The company led by Elon Musk is selling fewer electric cars, and its big bets on driverless taxis and artificial intelligence could take many years to pay off.

Tesla on Tuesday reported a significant drop in profit in the three-month period between April and June, a result of the electric car company’s sluggish sales.

The automaker said it earned $1.5 billion in the second quarter of the year on revenue of $25.5 billion. In the second quarter of 2023, Tesla made $2.7 billion and had revenue of $24.9 billion.

The company’s current operating profit margin, a measure of how much money it makes on every dollar of revenue, was 6.3 percent, compared with 9.6 percent in the same period a year ago.

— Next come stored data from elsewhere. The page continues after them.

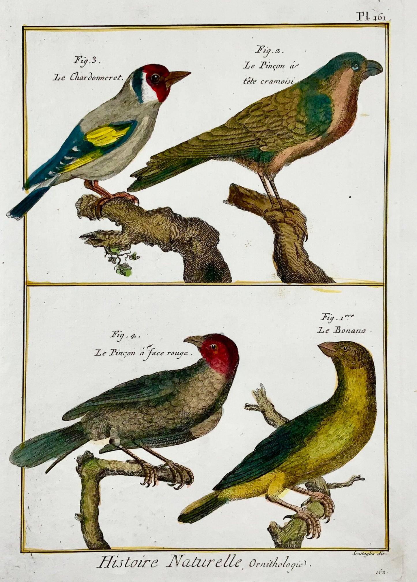 1790 Goldfinch, chaffinch, oriole, Scattalia, quarto hand coloured engraving, ornithology
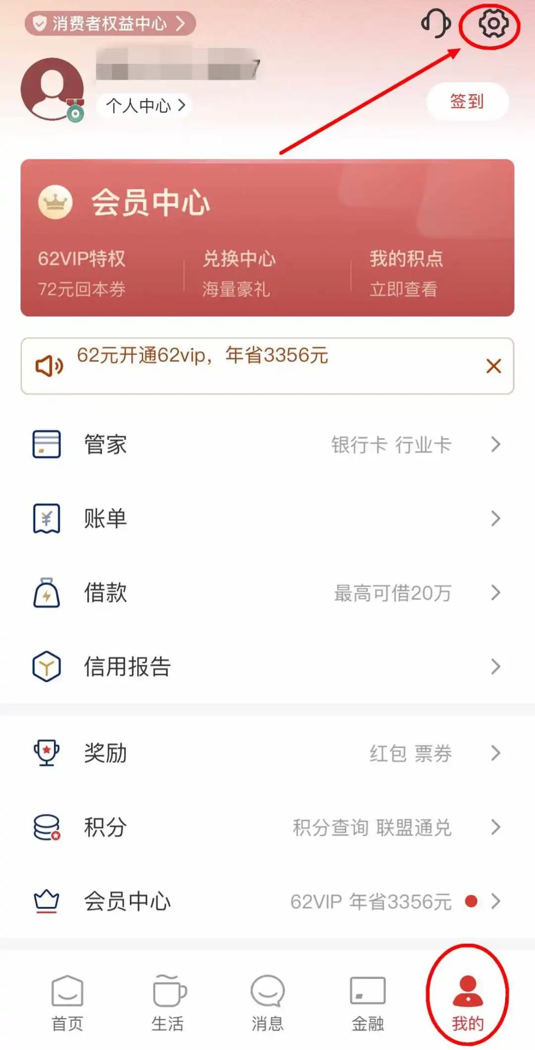 1、登录云闪付APP【我的】,点击【我的】右上角设置图标。
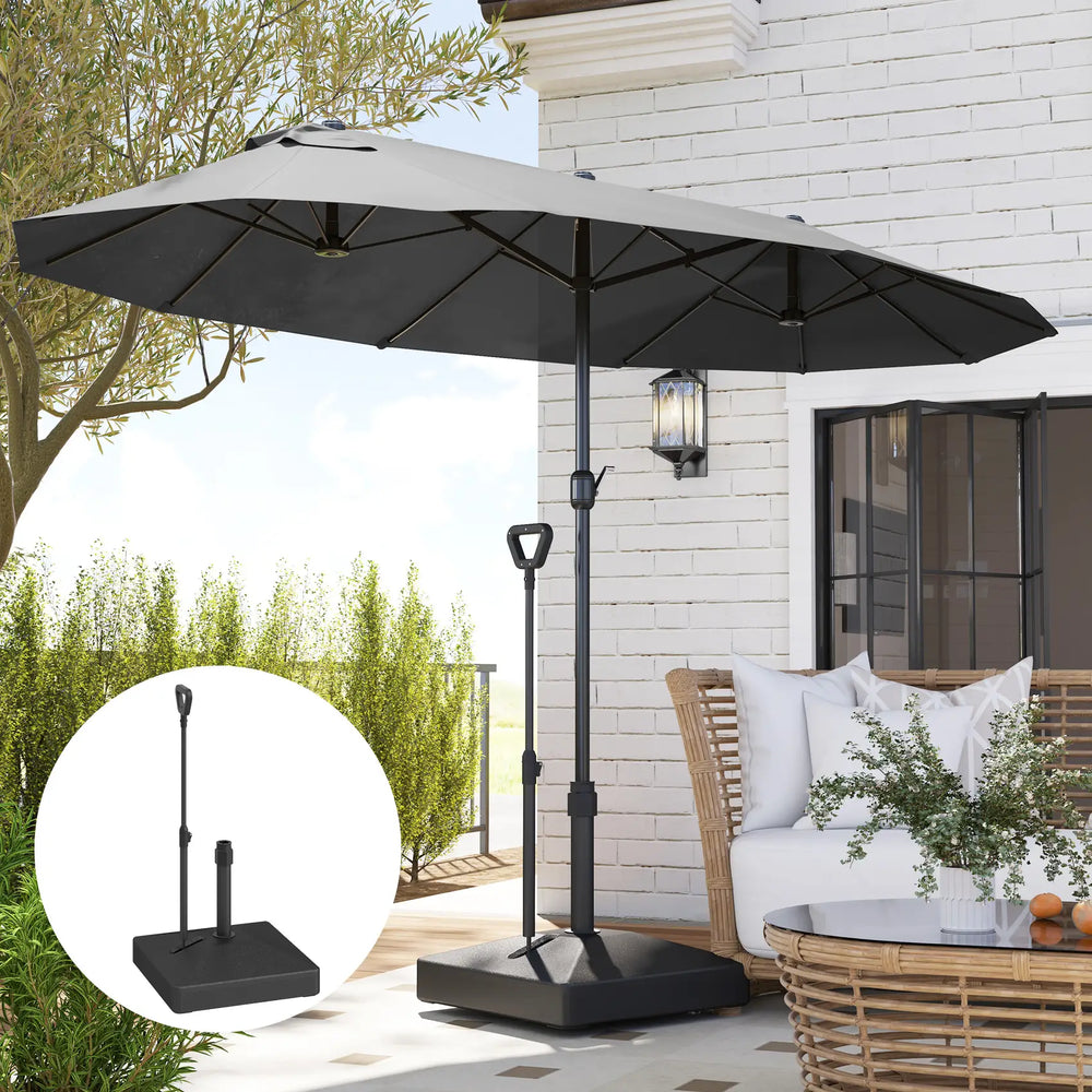 Ensure your parasol is always held firmly in place with the Outsunny parasol base on wheels. Made from strong anti-ageing HDPE plastic, it needs to be filled with sand or water to increase the total weight, keeping stability outdoors. Easy to move it with the adjustable wheels and handles to any locations. Combine the heavy parasol base with a garden parasol and create your own oasis under the shade.
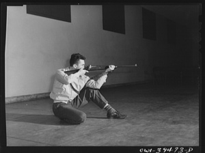 Washington, D.C. Walter Spangenberg practicing with a rifle at Woodrow Wilson High School
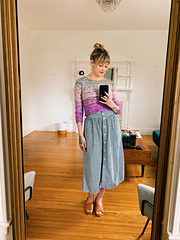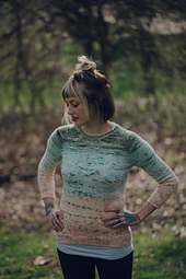 **Techniques to Indulge In:** Top down, seamless sweater construction, raglan shaping, stockinette stitch, garter stitch, COLOR FADING (MELTING), ribbing, working flat and in the round, casting on and binding off.
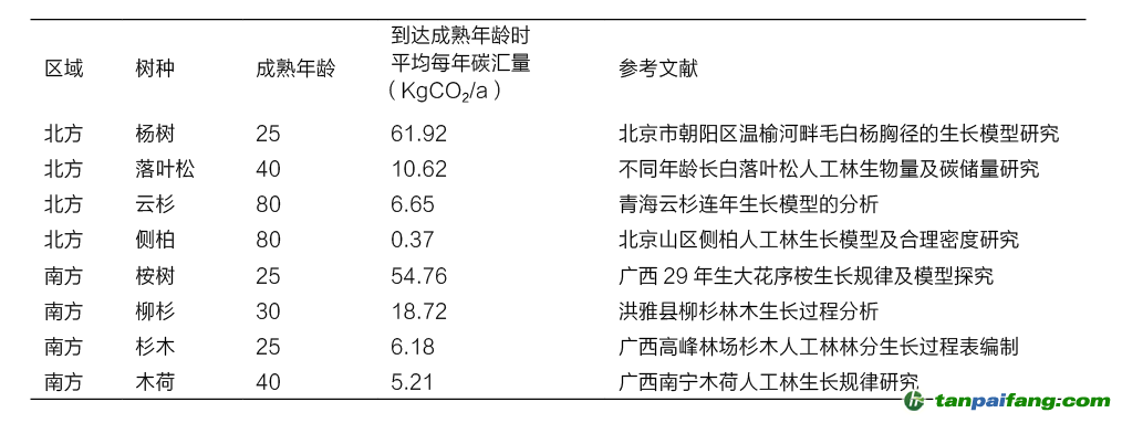 要想知道在一個確定的地點栽植一個確定的樹種的碳匯能力,可參考公開發(fā)表的文獻。舉例見表。

The results will most likely heighten pressure on Tesla and its chief executive, Elon Musk, to show that the company can find new ways to grow and make money.

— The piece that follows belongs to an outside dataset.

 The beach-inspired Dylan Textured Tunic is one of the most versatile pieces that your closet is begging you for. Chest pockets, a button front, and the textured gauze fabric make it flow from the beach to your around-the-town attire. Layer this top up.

Tesla shares have jumped 40 percent since the end of the May in large part because investors are betting that Mr. Musk will successfully remake Tesla into an artificial intelligence company that operates a driverless taxi service and sells robots that can efficiently perform manufacturing and other tasks.

“While we continue to execute innovations to reduce the cost of manufacturing and operations, over time, we expect our hardware-related profits to be accompanied by an acceleration of A.I., software and fleet-based profit,” Tesla said in a statement.